原料組成物における水のSiO2に対するモル比が、
5≦H2O/SiO2<30である原料組成物を、Na+、K+、Rb+、Cs+及びNH4 +からなる群から選ばれる少なくとも2種の陽イオンの存在下において結晶化させることを特徴とする前記(1)乃至(3)のいずれか一つに記載のチャバザイト型ゼオライトの製造方法。
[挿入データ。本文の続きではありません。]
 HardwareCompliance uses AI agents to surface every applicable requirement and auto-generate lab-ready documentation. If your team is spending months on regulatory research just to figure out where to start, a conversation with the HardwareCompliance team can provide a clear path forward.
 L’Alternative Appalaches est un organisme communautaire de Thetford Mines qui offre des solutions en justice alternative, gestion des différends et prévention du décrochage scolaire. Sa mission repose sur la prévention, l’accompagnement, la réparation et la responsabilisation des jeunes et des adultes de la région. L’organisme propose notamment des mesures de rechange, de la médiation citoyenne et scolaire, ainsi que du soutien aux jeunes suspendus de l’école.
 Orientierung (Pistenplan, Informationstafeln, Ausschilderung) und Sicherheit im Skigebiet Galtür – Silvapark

(5)前記構造指向剤が、N,N,N-トリアルキルアダマンタンアンモニウムをカチオンとする水酸化物、ハロゲン化物、炭酸塩、メチルカーボネート塩及び硫酸塩、及び、N,N,N-トリメチルベンジルアンモニウムイオン、N-アルキル-3-キヌクリジノールイオン、またはN,N,N-トリアルキルエキソアミノノルボルナンをカチオンとする水酸化物、ハロゲン化物、炭酸塩、メチルカーボネート塩及び硫酸塩からなる群から選ばれる少なくとも一種であることを特徴とする前記(4)に記載のチャバザイト型ゼオライトの製造方法。
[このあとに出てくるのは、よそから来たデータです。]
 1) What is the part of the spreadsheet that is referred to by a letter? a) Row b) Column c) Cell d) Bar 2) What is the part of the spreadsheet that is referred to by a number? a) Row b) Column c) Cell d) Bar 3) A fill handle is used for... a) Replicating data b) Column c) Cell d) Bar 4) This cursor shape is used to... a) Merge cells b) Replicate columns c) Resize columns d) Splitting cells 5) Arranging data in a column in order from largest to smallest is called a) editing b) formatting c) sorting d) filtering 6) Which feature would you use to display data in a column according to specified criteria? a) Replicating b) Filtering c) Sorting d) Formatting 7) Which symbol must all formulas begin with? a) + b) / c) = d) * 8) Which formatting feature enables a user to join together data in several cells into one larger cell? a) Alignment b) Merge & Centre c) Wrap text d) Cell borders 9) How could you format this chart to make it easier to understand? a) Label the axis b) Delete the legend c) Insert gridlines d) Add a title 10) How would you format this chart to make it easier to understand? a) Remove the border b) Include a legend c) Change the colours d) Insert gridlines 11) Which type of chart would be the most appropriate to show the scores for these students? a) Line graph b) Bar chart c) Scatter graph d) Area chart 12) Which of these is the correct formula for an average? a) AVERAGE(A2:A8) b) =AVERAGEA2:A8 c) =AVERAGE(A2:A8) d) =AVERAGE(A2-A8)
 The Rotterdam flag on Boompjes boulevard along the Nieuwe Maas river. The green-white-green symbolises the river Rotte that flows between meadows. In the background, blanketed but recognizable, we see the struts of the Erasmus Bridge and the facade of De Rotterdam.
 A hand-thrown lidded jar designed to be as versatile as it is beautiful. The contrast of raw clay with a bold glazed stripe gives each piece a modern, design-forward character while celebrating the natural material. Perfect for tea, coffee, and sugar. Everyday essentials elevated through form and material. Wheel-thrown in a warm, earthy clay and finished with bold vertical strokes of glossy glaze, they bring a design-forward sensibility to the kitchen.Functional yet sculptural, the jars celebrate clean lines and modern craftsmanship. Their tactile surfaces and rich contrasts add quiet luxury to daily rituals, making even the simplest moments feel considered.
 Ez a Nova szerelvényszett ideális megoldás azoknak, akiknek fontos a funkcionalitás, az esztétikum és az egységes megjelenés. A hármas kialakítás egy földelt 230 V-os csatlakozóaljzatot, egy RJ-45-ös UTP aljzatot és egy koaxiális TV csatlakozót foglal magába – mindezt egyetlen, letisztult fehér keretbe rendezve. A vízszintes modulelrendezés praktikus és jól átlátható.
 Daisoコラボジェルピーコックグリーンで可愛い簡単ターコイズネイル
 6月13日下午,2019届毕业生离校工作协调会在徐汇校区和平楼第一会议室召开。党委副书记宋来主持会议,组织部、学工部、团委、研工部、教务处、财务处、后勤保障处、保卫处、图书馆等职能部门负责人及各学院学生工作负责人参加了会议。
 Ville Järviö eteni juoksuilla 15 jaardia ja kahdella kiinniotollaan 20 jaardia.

(6)前記構造指向剤が、N,N,N-トリメチルアダマンタンアンモニウム水酸化物、N,N,N-トリメチルアダマンタンアンモニウムハロゲン化物、N,N,N-トリメチルアダマンタンアンモニウム炭酸塩、N,N,N-トリメチルアダマンタンアンモニウムメチルカーボネート塩及びN,N,N-トリメチルアダマンタンアンモニウム硫酸塩からなる群から選ばれる少なくとも一種であることを特徴とする前記(5)に記載のチャバザイト型ゼオライトの製造方法。
(7)SiO2/Al2O3モル比が15未満であって、平均粒子径が1.0μm以上8.0μm以下であり、銅が担持されていることを特徴とするチャバザイト型ゼオライト。
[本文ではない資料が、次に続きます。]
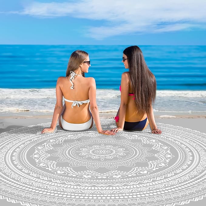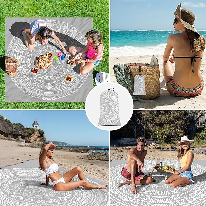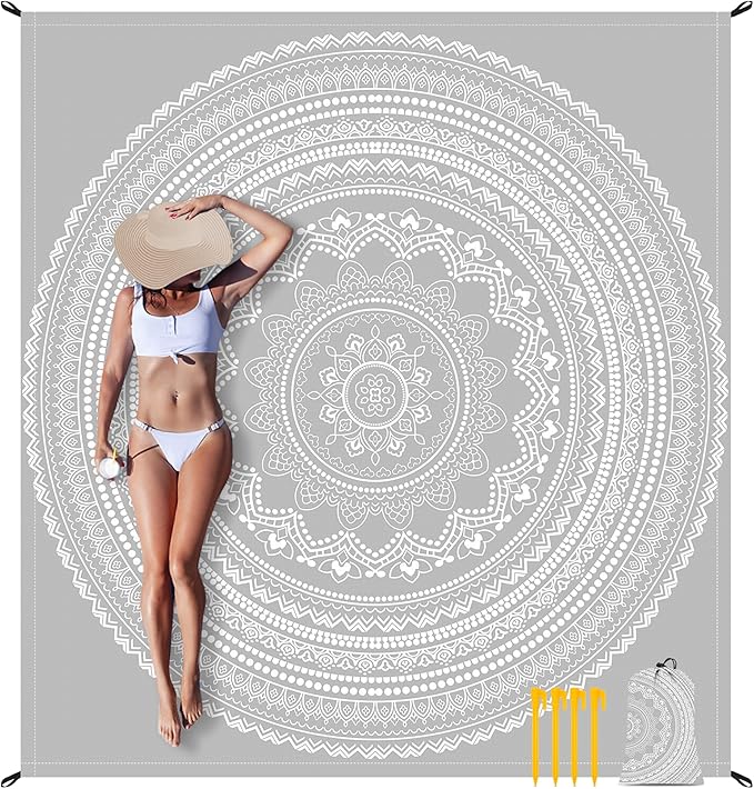 Beach Blanket Waterproof Sandproof, Large 78''×86'' Beach Mat for 1-4 Adults, Lightweight Compact & Quick Dry Sand Free Outdoor Picnic Blankets w/ 4 Stakes & 4 Corner Pockets-Grey Mandala Blossom
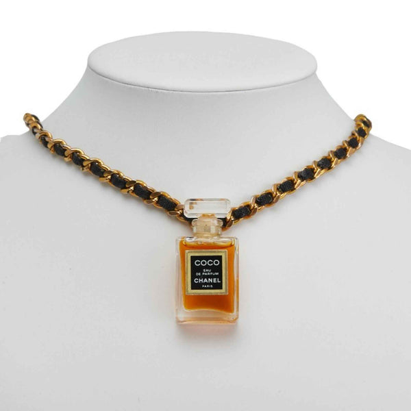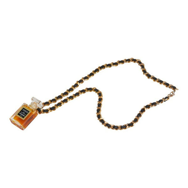 Chanel COCO EAU DE PAPFUM Eau de Parfum Perfume Necklace in Gold and Black Plated Leather for Women
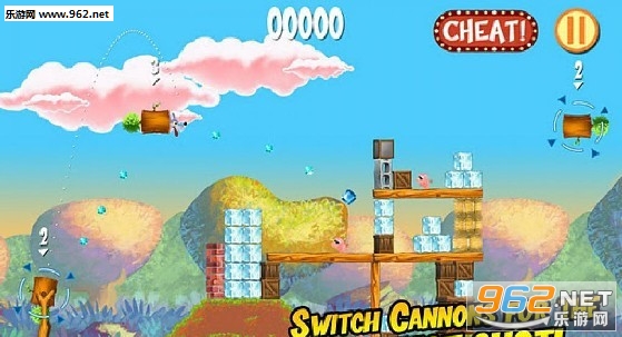 这款游戏是以“三只小猪”这个故事为基础的,大灰狼将自己装到大炮里,调整合适的角度翻越到小猪的家里。你可以使用数种不同的道具帮助大灰狼达到小猪的屋。
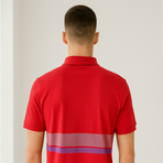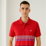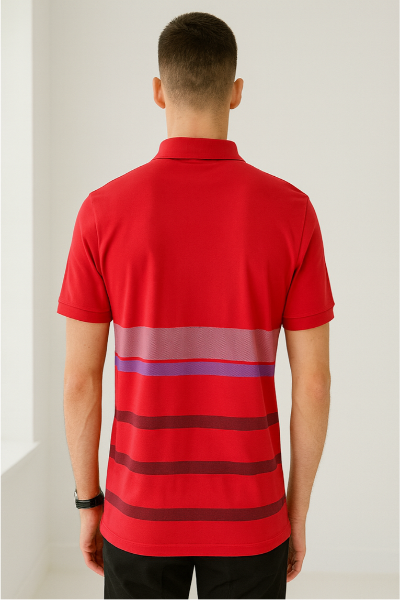A bold red polo t-shirt featuring layered horizontal stripes in maroon and purple shades, blending modern casual with smart style.
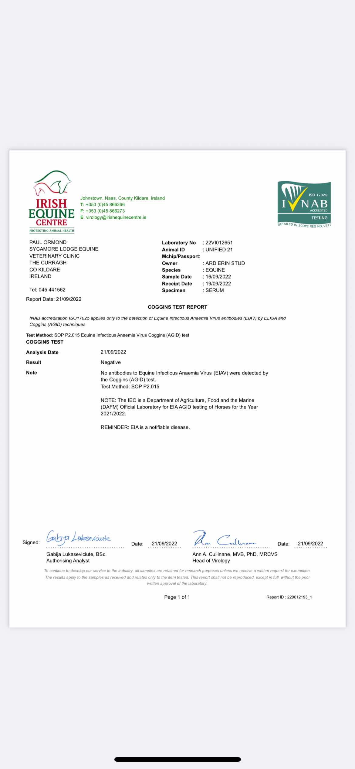 Consignor: Ard Erin Stud, Ireland
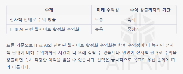 Q2. 내가 제일 먼저 하고 싶은게 무엇인지 질문 (전자책 판매 & IT & AI Tool활용)
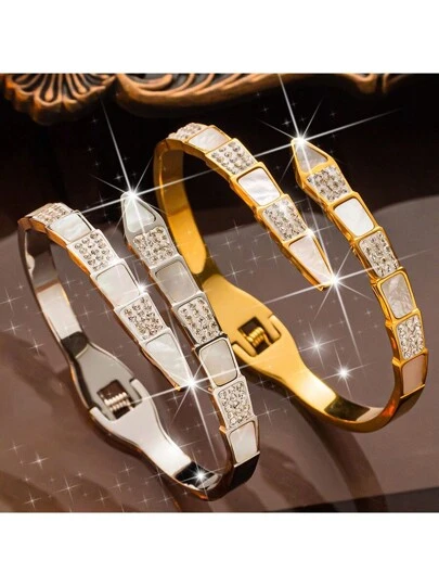 1 pieza Pulsera de acero inoxidable con incrustaciones de diamantes de imitación y hueso de serpiente con estilo INS fresco, adecuado para uso diario de mujeres en verano - Huesos de serpiente - Añade 1
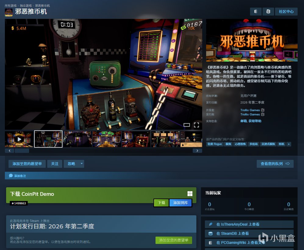 这款游戏名叫《邪恶推币机》,听名字就很邪恶,结合了肉鸽元素和推币机元素,计划发行日期显示为2026年第二季度,不过Demo已经推出了。
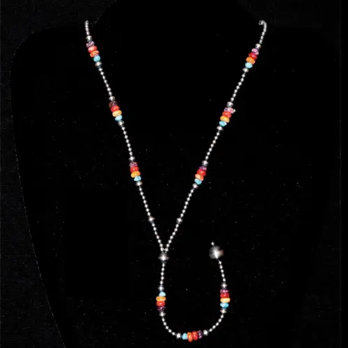 Handmade sterling silver Navajo pearls with striking turquoise and multi-color rondelles necklace.
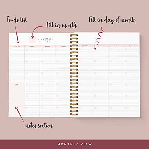 Il mio piano mensile: elenca le tue attività, le faccende e le commissioni per il mese nella sezione della visualizzazione mensile. Ogni mese ha una sezione Elenco delle cose da fare e note, nonché aree vuote da inserire nella data appropriata.

(8)平均粒子径が1.0μm以上5.0μm以下であることを特徴とする前記(7)に記載のチャバザイト型ゼオライト。
(9)体積基準の90%粒子径が15.0μm以下であることを特徴とする前記(7)または(8)に記載のチャバザイト型ゼオライト。
(10)銅/アルミニウムの原子割合が0.10~1.00であることを特徴とする前記(7)乃至(9)のいずれか一つに記載のチャバザイト型ゼオライト。
(11)イオン交換サイトが銅及び/又はプロトン(H+)で占有されていることを特徴とする前記(7)乃至(10)のいずれか一つに記載のチャバザイト型ゼオライト。
(12)結晶構造がSSZ-13であることを特徴とする前記(7)乃至(11)のいずれか一つに記載のチャバザイト型ゼオライト。
(13)前記(7)及至(12)のいずれか一つに記載のチャバザイト型ゼオライトを含むことを特徴とする窒素酸化物還元除去触媒。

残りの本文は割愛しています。